Section 13. Surety Bonds. The Trustees may require any officer or agent of the Trust to execute a bond (including, without limitation, any bond required by the Investment Company Act of 1940, as amended (the “1940 Act”) and the rules and regulations of the Securities and Exchange Commission (“Commission”)) to the Trust in such sum and with such surety or sureties as the Trustees may determine, conditioned upon the faithful performance of his or her duties to the Trust including responsibility for negligence and for the accounting of any of the Trust’s property, funds or securities that may come into his or her hands.

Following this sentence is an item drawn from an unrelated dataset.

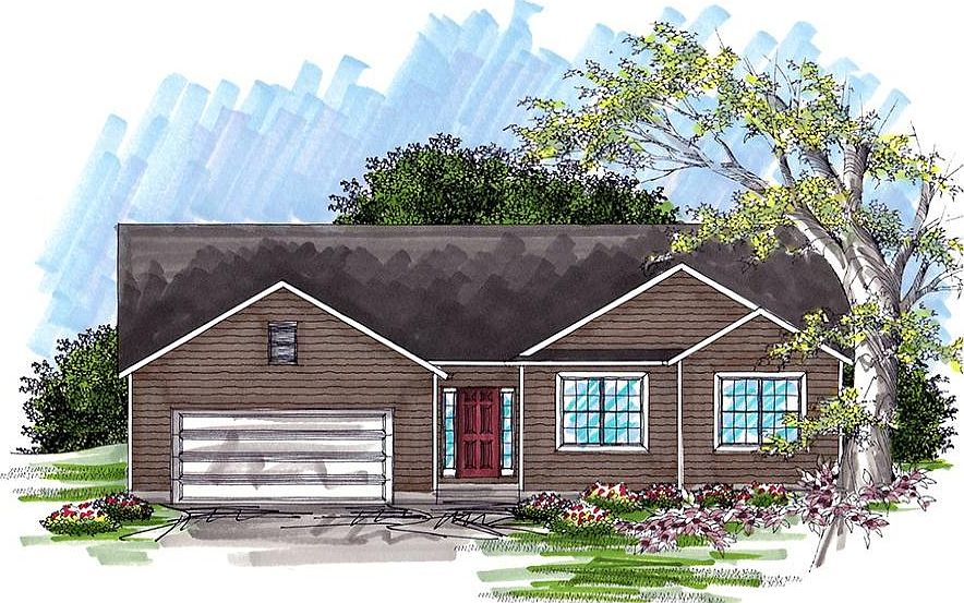Semi-split bedroom ranch plan. Large Eat-in kitchen with pantry. Additional linen closet. Walk-in closet with entry from master bath. Optional drop zone area. Walk-through dining.

Section 14. Removal. Any officer may be removed from office whenever in the judgment of the Trustees the best interest of the Trust will be served thereby, by the vote of a majority of the Trustees given at any regular meeting or any special meeting of the Trustees. In addition, any officer or agent appointed in accordance with the provisions of Section 12 hereof may be removed, either with or without cause, by any officer upon whom such power of removal shall have been conferred by the Trustees.

Section 15. Remuneration. The salaries or other compensation, if any, of the officers of the Trust shall be fixed from time to time by resolution of the Trustees.

ARTICLE IV: SHAREHOLDERS’ MEETINGS

Section 1. Special Meetings. A special meeting of the Shareholders shall be called by the Secretary whenever (i) ordered by the Trustees or (ii) requested in writing by Shareholders owning Shares representing at least 10% of the total combined votes of all Shares entitled to vote. If the Secretary, when so ordered or requested, refuses or neglects for more than 30 days to call such special meeting, the Trustees or the Shareholders so requesting, may, in the name of the Secretary, call the meeting by giving notice thereof in the manner required when notice is given by the Secretary. If the meeting is a meeting of the Shareholders of one or more Series or classes of Shares, but not a meeting of all Shareholders of the Trust, then only special meetings of the Shareholders of such one or more Series or classes shall be called and only the Shareholders of such one or more Series or classes shall be entitled to notice of and to vote at such meeting.

Section 2. Notices. Except as above provided, notices of any meeting of the Shareholders shall be given by the Secretary by delivering (by electronic, telephonic, telegraphic, facsimile or computerized means or other alternative means as may be approved by resolutions adopted by the Trustees) or mailing, postage prepaid addressed to such address as may be registered with the Trust, to each Shareholder entitled to vote at said meeting, notification of such meeting at least ten (10) days before the meeting. Shareholders shall be provided reasonable notice of any future alternative means of notice delivery approved by resolutions adopted by the Trustees other than electronic, telephonic, telegraphic, facsimile or computerized notice. Notice of any Shareholder meeting need not be given to any Shareholder if a written waiver of notice (including, but not limited to, electronic, telegraphic, facsimile or computerized writings), executed before or after such meeting, is filed with the record of such meeting, or to any Shareholder who shall attend such meeting in person or by proxy. Notice of adjournment of a Shareholders’ meeting to another time or place need not be given, if such time and place are announced at the meeting or reasonable notice is given to persons present at the meeting and the adjourned meeting is held within a reasonable time after the date set for the original meeting.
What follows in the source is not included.